Si ma transformation arrivait à son terme, alors plus rien ne m’empêcherait d’affronter Aleksandar. Si je survivais, plus je disposerais enfin d'une chance de l’affronter… d’égal à égal, ou presque.

Cette pensée me redonna un peu d’énergie et atténua l’espace d’un instant l’horreur de ma situation. Soit la mort m’attendait au bout du chemin, soit la transformation en une bête assoiffée de sang. La disparition de Kaća, en plus d’avoir fait voler mon univers en éclats, avait précipité mon avenir vers un abysse sans fond.

L’esprit dans le vague, j’attrapai un fragment de miroir. Un seul geste suffirait à trancher la gorge de Charles. Juste un saut vers lui, un mouvement bien placé, et tout serait terminé.

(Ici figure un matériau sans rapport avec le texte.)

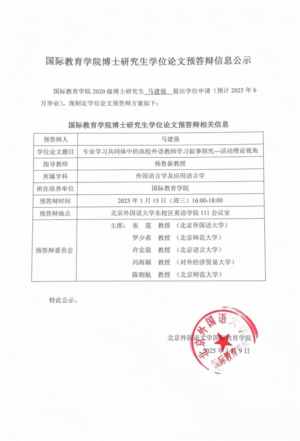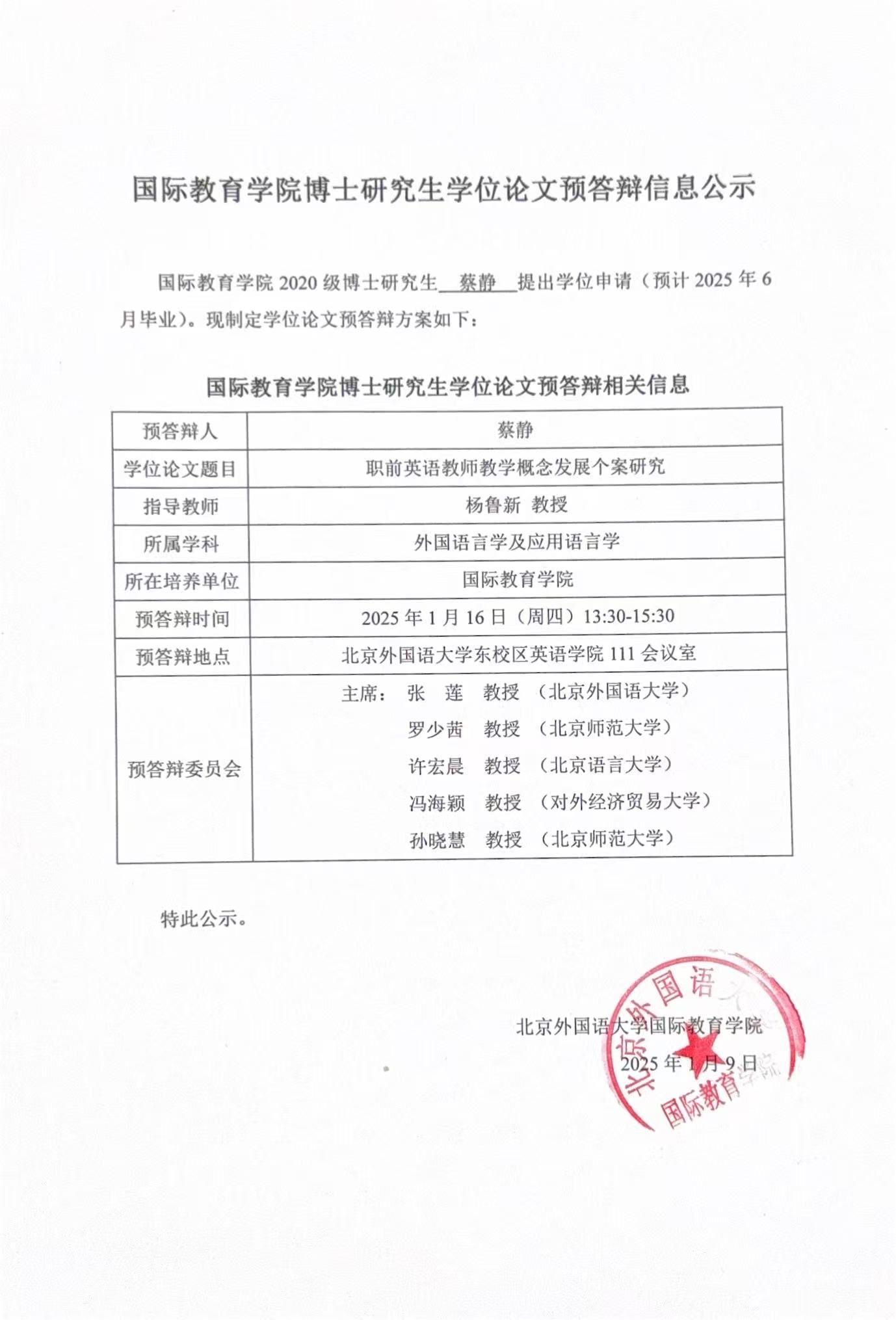国际yl9193永利集团博士研究生学位论文预答辩信息公示

Je reposai le fragment avec lassitude. Ce n’était pas raisonnable. Je n’avais plus assez de forces et sans Élise, je n’avais nulle part où aller. Ma mère me croyait – ou m’espérait – morte et l’essentiel des membres de l’Agencija avait sans doute péri. Aucun lieu dans ce fichu monde ne me protégerait de lui.

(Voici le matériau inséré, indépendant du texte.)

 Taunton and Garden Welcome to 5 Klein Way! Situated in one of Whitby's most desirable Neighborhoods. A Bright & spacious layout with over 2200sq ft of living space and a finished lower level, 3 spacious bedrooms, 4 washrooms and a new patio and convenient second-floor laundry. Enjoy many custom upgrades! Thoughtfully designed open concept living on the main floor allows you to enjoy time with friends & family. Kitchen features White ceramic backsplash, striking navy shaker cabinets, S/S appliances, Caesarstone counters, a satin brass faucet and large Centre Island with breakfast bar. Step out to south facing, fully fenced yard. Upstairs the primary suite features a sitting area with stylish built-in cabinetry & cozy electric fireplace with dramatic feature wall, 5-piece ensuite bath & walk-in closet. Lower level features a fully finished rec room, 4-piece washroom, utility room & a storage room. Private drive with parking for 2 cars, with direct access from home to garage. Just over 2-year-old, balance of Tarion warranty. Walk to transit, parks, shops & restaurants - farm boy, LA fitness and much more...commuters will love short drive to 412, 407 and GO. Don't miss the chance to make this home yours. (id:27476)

Je posai mes mains contre le lavabo, saisie par une furieuse envie de sangloter comme une enfant. J’étais lasse de fuir sans cesse, de changer mon identité, de m’interdire de penser en serbe de crainte que ce monstre ne localise mon esprit. Peu importe où je me trouvais, son ombre planait sur moi telle une épée de Damoclès.

Aleksandar n’était pas seulement cruel et sadique : il était aussi capable de déceler mes secrets les plus inavouables, ceux que je dissimulais farouchement au fond de mon âme. Ma résistance n’était qu’un leurre : il obtiendrait tôt ou tard ce qu’il voulait de moi.

À moins que les légendes sur Élia Montgomery ne soient vraies. Si ma transformation arrivait à son terme, alors la peur changerait enfin de camp.

***

— Quoi ? s’ahurit la voix au téléphone. Tu… tu es sûr de toi ?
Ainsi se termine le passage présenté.